In addition, the region 105d which becomes a buffer chamber is obliquely provided
to the upper right of the region 105c which becomes the sensor chamber. Moreover,
the region 105d which becomes the buffer chamber communicates with a pressure regulation
chamber 107 by a small round communicating hole 105h. A membrane valve, a spring (all
not shown), and the like are housed in the pressure regulation chamber 107, and the
pressure regulation chamber includes a function which regulates pressure of the ink
supplied to the carriage 10.
[0029] Moreover, the first ink chamber (region 105a in Fig. 3) and the second ink chamber
(region 105b in Fig. 3) are connected to each other by a connecting passage 106b,
the second ink chamber (region 105b) and the sensor chamber (105c in Fig. 3) are connected
to each other by a maze-like passage, and the sensor chamber (region 105c) and the
buffer chamber (105d in Fig. 3) are connected to each other by a connecting passage
106c. Accordingly, when the ink is ejected from the ejecting head 20, after the ink
flows from the communicating hole 105h into the pressure regulation chamber 107 via
the second ink chamber, the sensor chamber, and the buffer chamber from the first
ink chamber, the ink is supplied from the ink supply port 104 to the ejecting head
20.
[0030] Moreover, in the ink cartridge 100 of the present embodiment, a stirring plate 109
made of stainless-steel for stirring the ink is provided at the inner portions of
the region 105a which becomes the first ink chamber and the region 105b which becomes
the second ink chamber respectively. An ink stirring mechanism including the stirring
plate 109 will be described in detail hereinafter.
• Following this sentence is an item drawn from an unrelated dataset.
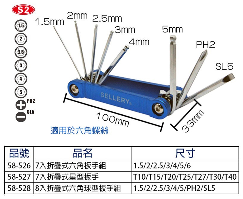 折疊式六角板手組-S2 (7支/組)

[0031] In addition, as shown in Fig. 3, a region 108d which becomes an air chamber is provided
at the lower left in Fig. 3 with respect to the region 105a which becomes the first
ink chamber. A communicating hole 108h is provided at the region 108d, and as described
hereinafter, the communicating hole is connected to a hole open to the atmosphere
via an air passage which is provided at the front side of the ink cartridge 100. In
addition, the region 108d which becomes an air chamber is connected to the region
105a, which becomes the above-described first ink chamber, by a connecting passage
106a. When the ink flows backward to the hole open to the atmosphere from the first
ink chamber (region 105a) due to the fact that the air in the ink cartridge 100 is
expanded by an ambient temperature change, a posture of the ink cartridge 100 is changed,
or the like, the air chamber (region 108d in Fig. 3) traps the ink in the inner portion
and prevents the ink from being leaked to the outside.
[0032] Fig. 4 is a plan view showing the inner structure of the ink cartridge 100 by peeling
the display label 120 which is stuck to the front side of the ink cartridge 100. As
shown in Fig. 4, an elongated groove 108 appears if peeling the display label 120
attached to the front side of the ink cartridge 100. In Fig. 4, the groove 108 is
indicated by an oblique line. The groove 108 includes a communicating hole 108p which
communicates with a hole open to the atmosphere 108o opened to the bottom surface
of the cartridge main body 102, as the starting end; an upstream side elongated groove
108a which meanders while changing direction several times; a downstream side elongated
groove 108c which has the communicating hole 108h shown in Fig. 3 as the termination;
and an approximately rectangular intermediate groove 108b which is provided between
the upstream side groove 108a and the downstream side groove 108c and formed in a
shallow concave shape, or the like. In addition, an upstream side air passage is formed
by the upper side groove 108a and the display label 120 if sticking the display label
120 onto the front side of the ink cartridge 100, an air reservoir is formed by the
intermediate groove 108b and the display label 120, and a downstream side air passage
is formed by the downstream side groove 108c and the display label 120. Moreover,
the surface configuration of the pressure regulation chamber 107 is shown in the vicinity
(right side in Fig. 4) of the groove 108.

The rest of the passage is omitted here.